Narkotika tersebut diketahui sebelumnya dimasukkan ke dalam wadah sabun lulur merek Shinzui dan kotak plastik warna-warni, lalu dibungkus kembali menggunakan kaus kaki hitam untuk mengelabui petugas.
Selain narkotika, polisi juga menyita sejumlah barang bukti pendukung, antara lain dua sendok takar, plastik klip berbagai ukuran, satu unit telepon genggam merek Vivo warna ungu, serta beberapa wadah yang digunakan untuk menyimpan narkotika.
Dari hasil pemeriksaan awal, tersangka mengaku mendapatkan barang haram tersebut dari seseorang yang tidak dikenalnya. Transaksi dilakukan melalui komunikasi telepon dengan sistem “penyerahan jejak”, metode yang kerap digunakan jaringan narkotika untuk memutus mata rantai distribusi.
“Atas perbuatannya, tersangka dijerat Pasal 114 ayat (2) Undang-Undang RI Nomor 35 Tahun 2009 tentang Narkotika juncto Undang-Undang RI Nomor 1 Tahun 2026 tentang Penyesuaian Pidana, dan/atau Pasal 609 ayat (2) huruf a Undang-Undang Nomor 1 Tahun 2023 tentang KUHP,” jelas Iptu Erwin.
Saat ini, tersangka beserta seluruh barang bukti telah diamankan di Mapolres Kutai Timur untuk menjalani proses penyidikan dan pengembangan lebih lanjut.
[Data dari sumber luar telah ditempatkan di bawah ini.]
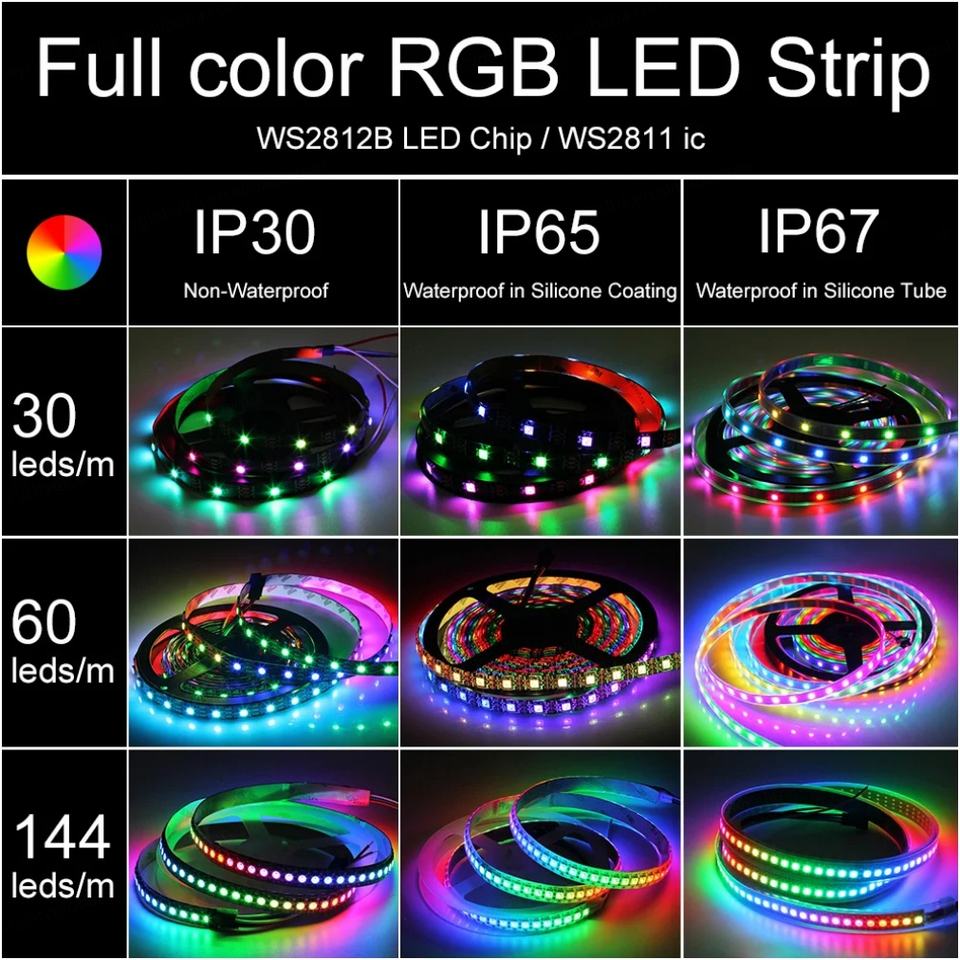ไฟ LED แบบเส้น WS2812B 5050 RGB 5V 30/60/144LED พิกเซล ชิป Ws2812 ควบคุมสีได้ ไฟ LED RGB แบบเส้น กันน้ำ IP30 IP65 IP67
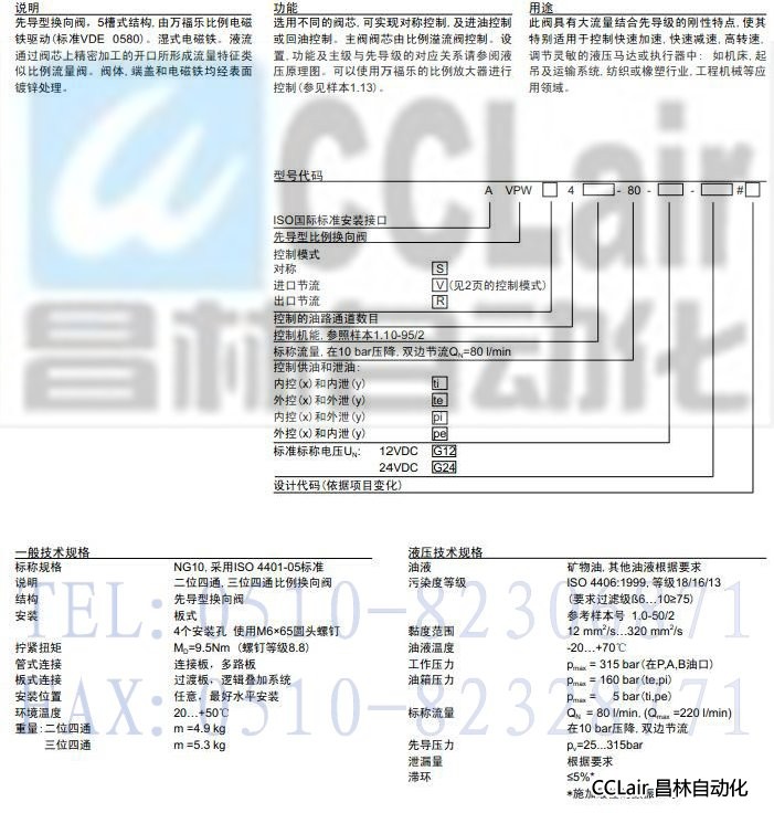 AVPW4x10,先導(dǎo)式比例換向閥

Polisi juga terus mendalami kemungkinan keterlibatan pihak lain dalam jaringan peredaran narkotika tersebut.
Polres Kutim mengimbau masyarakat untuk terus berperan aktif memberikan informasi apabila menemukan indikasi peredaran narkoba di lingkungan masing-masing.
“Perang melawan narkotika tidak bisa dilakukan sendiri. Dukungan masyarakat sangat kami butuhkan,” pungkas Iptu Erwin. (HAF)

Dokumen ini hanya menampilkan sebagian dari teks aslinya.